New York Times Journalist Takes Heat for Questionable Use of Flickr

Posted on 6/30/2009 by Julia Dudnik Stern | Printable Version | Comments (1)

Flickr continues to be the testing ground for appropriate user practices when it comes to images. When The New York Times’ contributor Sonia Zjawinski wrote about her penchant for printing out images she finds on the photo-sharing Web site and using them as wall art, readers’ reactions were far from favorable.

Zjawinski used her own ink jet printer and inexpensive photo frames. “And if you’re wondering about copyright issues (after all, these aren’t my photos),” she wrote, “the photos are being used by me for my own, private, noncommercial use. I’m not selling these things and not charging admission to my apartment, so I think I’m in the clear.”

The article made no distinction between images in the public domain, photos displayed under Creative Commons licenses or those labeled All Rights Reserved—all of which can be found on Flickr. In her excitement about a cost-effective decorating strategy, Zjawinski forgot to provide readers with even the bare minimum of legal background, thus encouraging copyright infringement among users that may not be familiar with all of the different types of licenses supported by Flickr.

In response to unfavorable feedback, Zjawinski attempted to rectify this shortcoming in a follow-up post. She cited some legal experts, who suggested that her decorating practice would fall under the fair-use provision of the U.S. copyright law. She also told users wishing to follow in her footsteps to stick to Creative Commons-licensed images or those with no known copyright restrictions, as is the case of The Library of Congress.

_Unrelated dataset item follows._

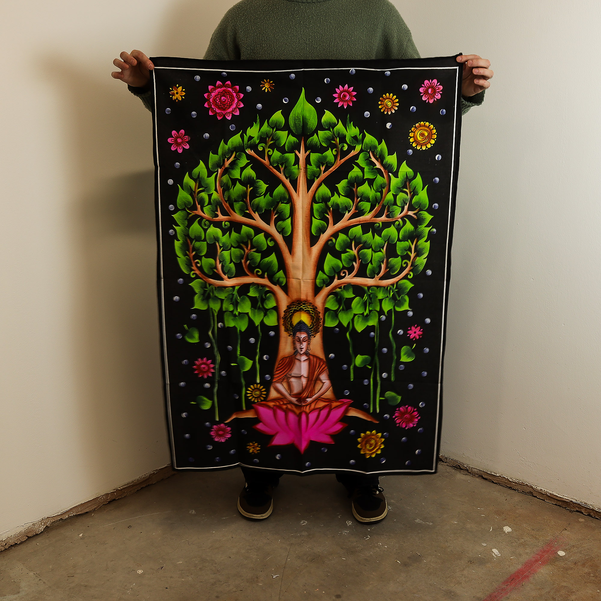 Dit rustgevende Indiase wandkleed toont de Boeddha mediterend onder de Bodhiboom, een tijdloos symbool van verlichting en vrede.
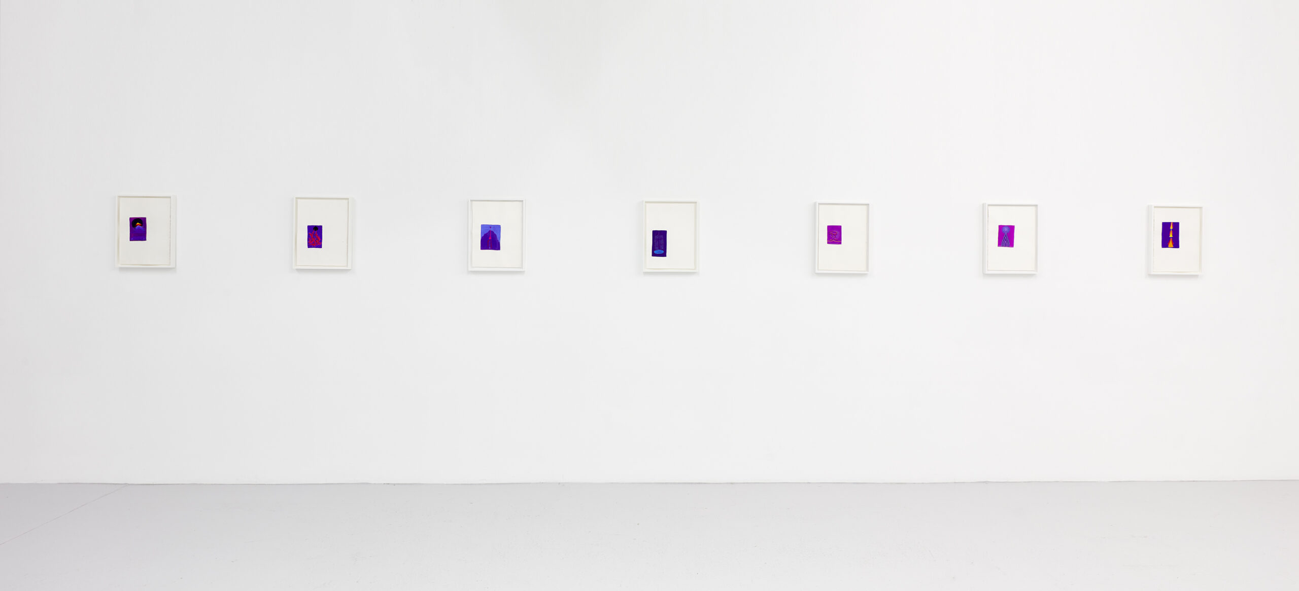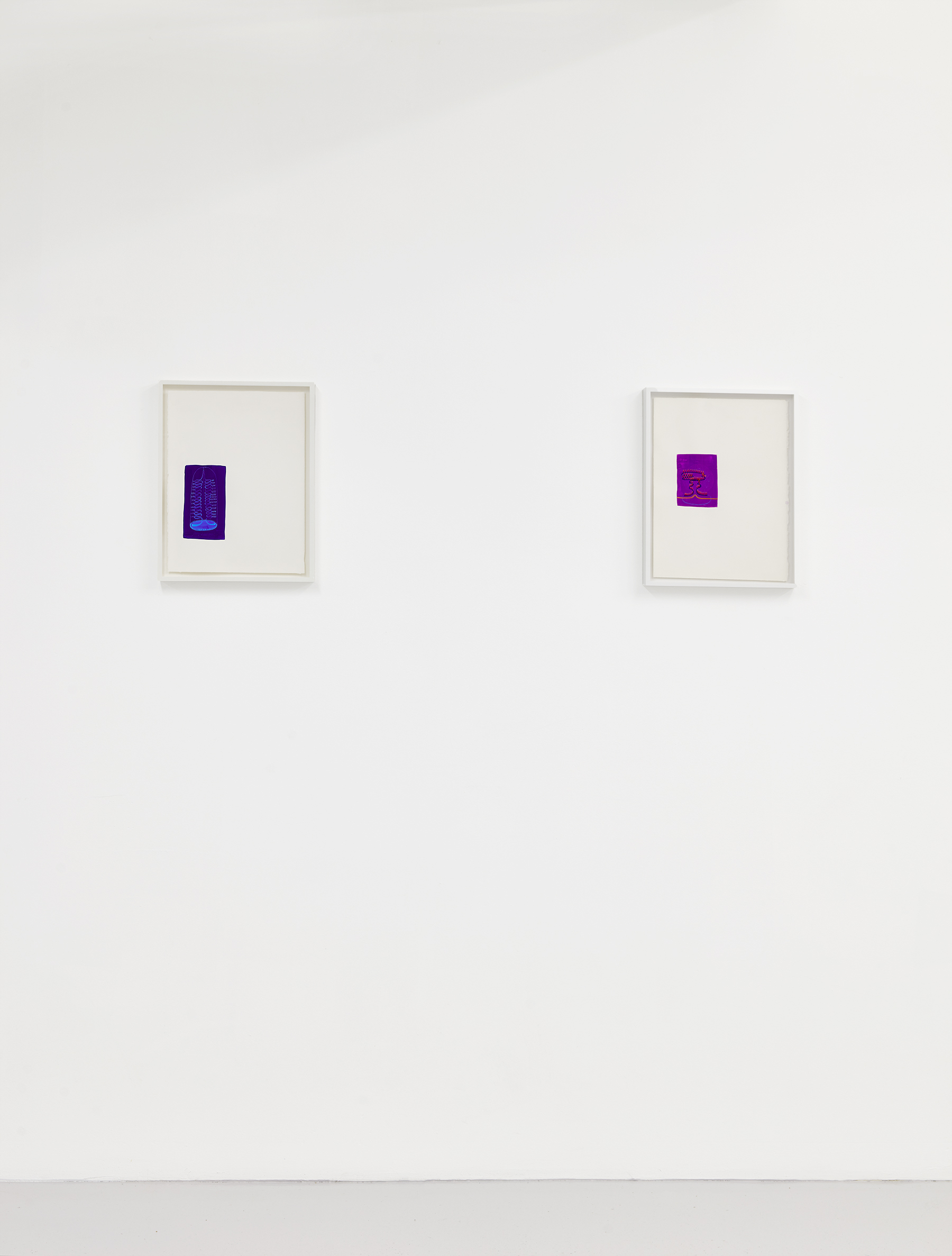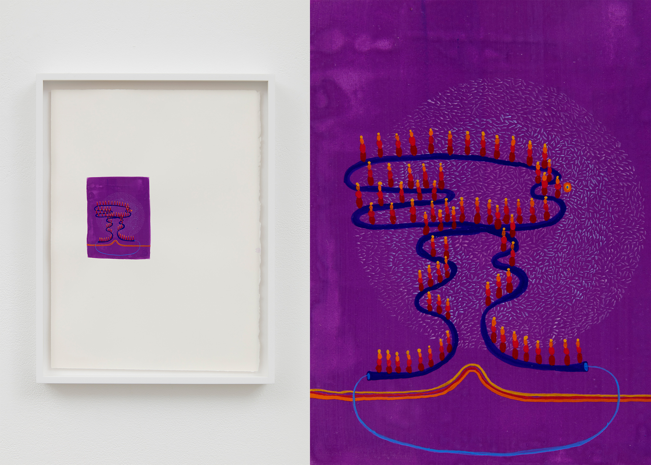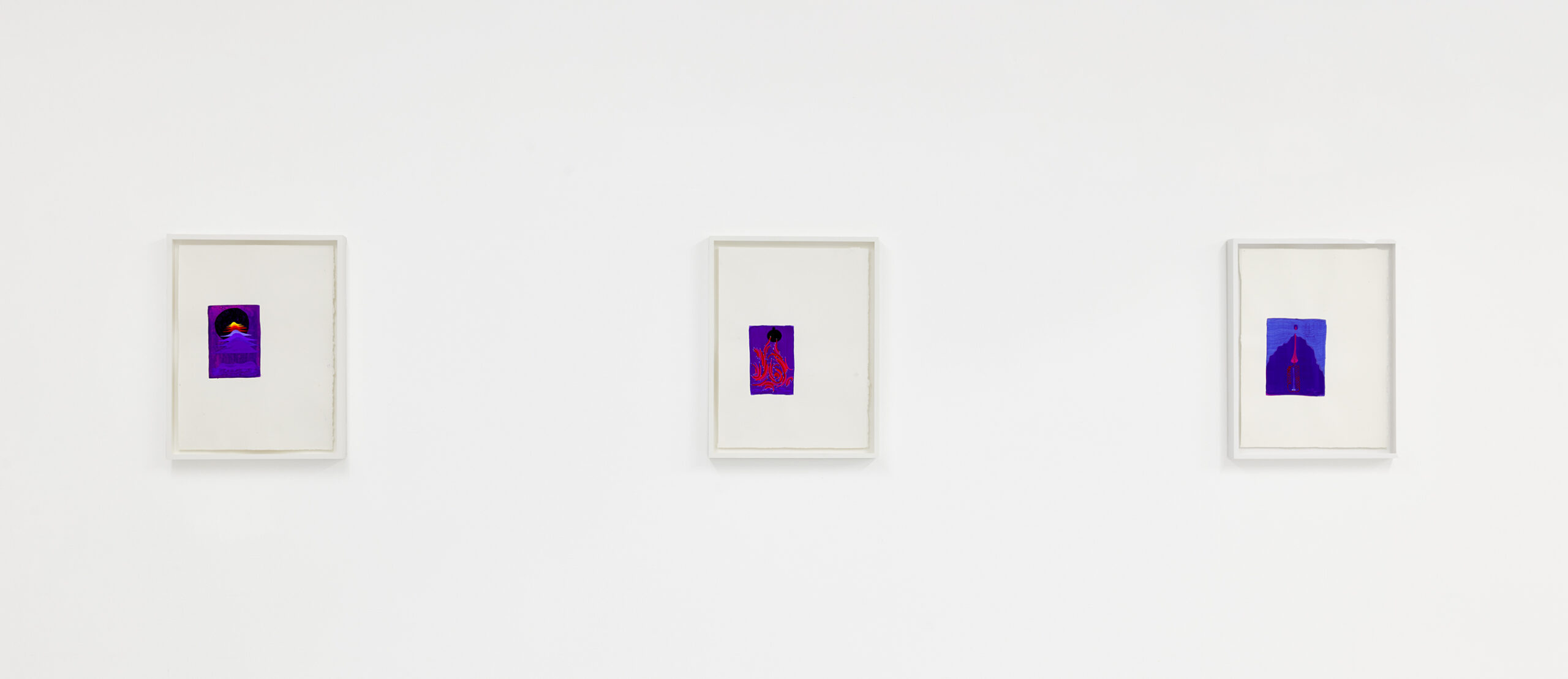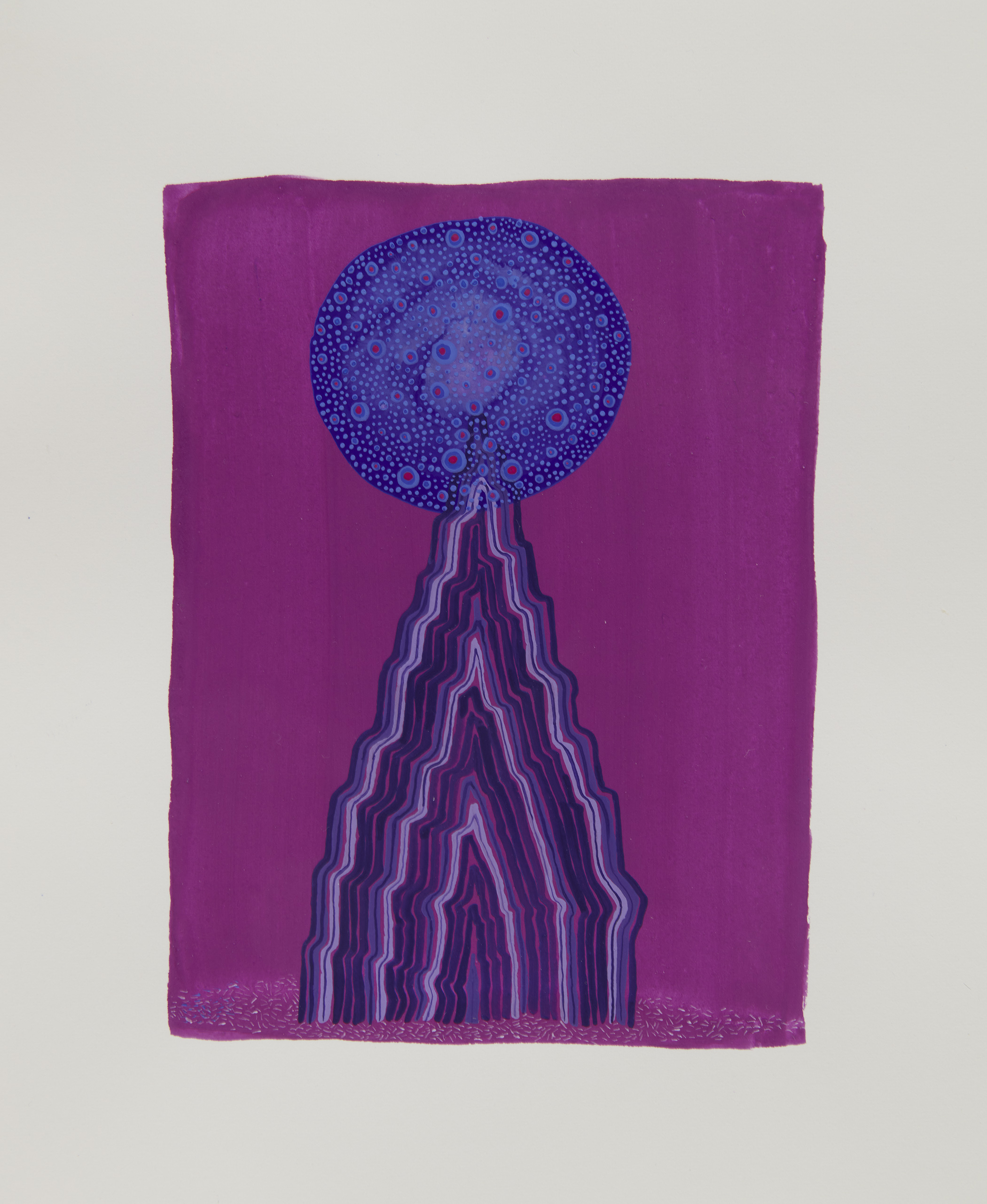 The gouaches on view stem from a suite of one hundred works produced over the course of one hundred sittings in 2014. Working from what he calls “muscle memory,” Ronay painted a series of compact, vibrant compositions in luminous shades of pink and purple. Amorphous forms and weighted curvatures recall the anatomy of a respiratory system and visually inscribe the breathing exercises that ground his daily meditations. Line and form emerge from ritual and repetition, recalling the automatic drawings that are the genesis of Ronay’s sculptural abstractions. Atypical within his practice, the forms within this presentation are bound to paper and were never translated into sculpture. Instead, they remain a uniquely diaristic sampling of the artist’s meditation sessions, which continue to frame his mornings a decade later.

Yet even those suggestions will infuriate photographers who make a living by licensing images and selling prints. Furthermore, the rules are somewhat unclear even for Creative Commons-licensed or public-domain photos displayed on Flickr.

For example, Creative Commons licenses require attribution. This seems ridiculous to a person who simply wants to put a picture on an apartment wall—yet not displaying the photographer’s name is a technical violation of the license’s terms.

More importantly, Zjawinski’s method seems to violate Flickr’s own image-printing terms. The site advises image owners: “You can control who can order prints of your photos. If you set your preferences to allow another Flickr member to print your photos, the ‘Order Prints’ option will appear when that member looks at your photos.” Flickr stresses having permission, and the site’s spokesperson says that its policy is to seek owner guidance for its own uses of its members’ imagery, even in cases of Creative Commons licenses. In contrast, Zjawinski neither followed the site’s built-in mechanism for ordering prints—which would have cost her more than her own ink and paper—nor contacted the Flickr users who posted the images.

It is easy to condemn her. At the very least, she should have familiarized herself with the basics of copyright and Flickr policies before advocating her decorating approach to unsuspecting users. But can Zjawinski be accused of anything more than shoddy reporting, or is this situation simply part and parcel of technological advancements outpacing the legal system?

Copyright © 2009 Julia Dudnik Stern. The above article may not be copied, reproduced, excerpted or distributed in any manner without written permission from the author. All requests should be submitted to Selling Stock at 10319 Westlake Drive, Suite 162, Bethesda, MD 20817, phone 301-461-7627, e-mail: wvz@fpcubgbf.pbz


  • Ted Spiegel Posted Jul 8, 2009
    It would be interesting to see what response a forwarding of this article gets from the image licensing end of the New York Times and the author of the entry = Zjawinski.

    "That which is hateful unto you do not do unto others" is known as Hillel's Rule. Does it rule at the Times, which is diligently selling its archived images.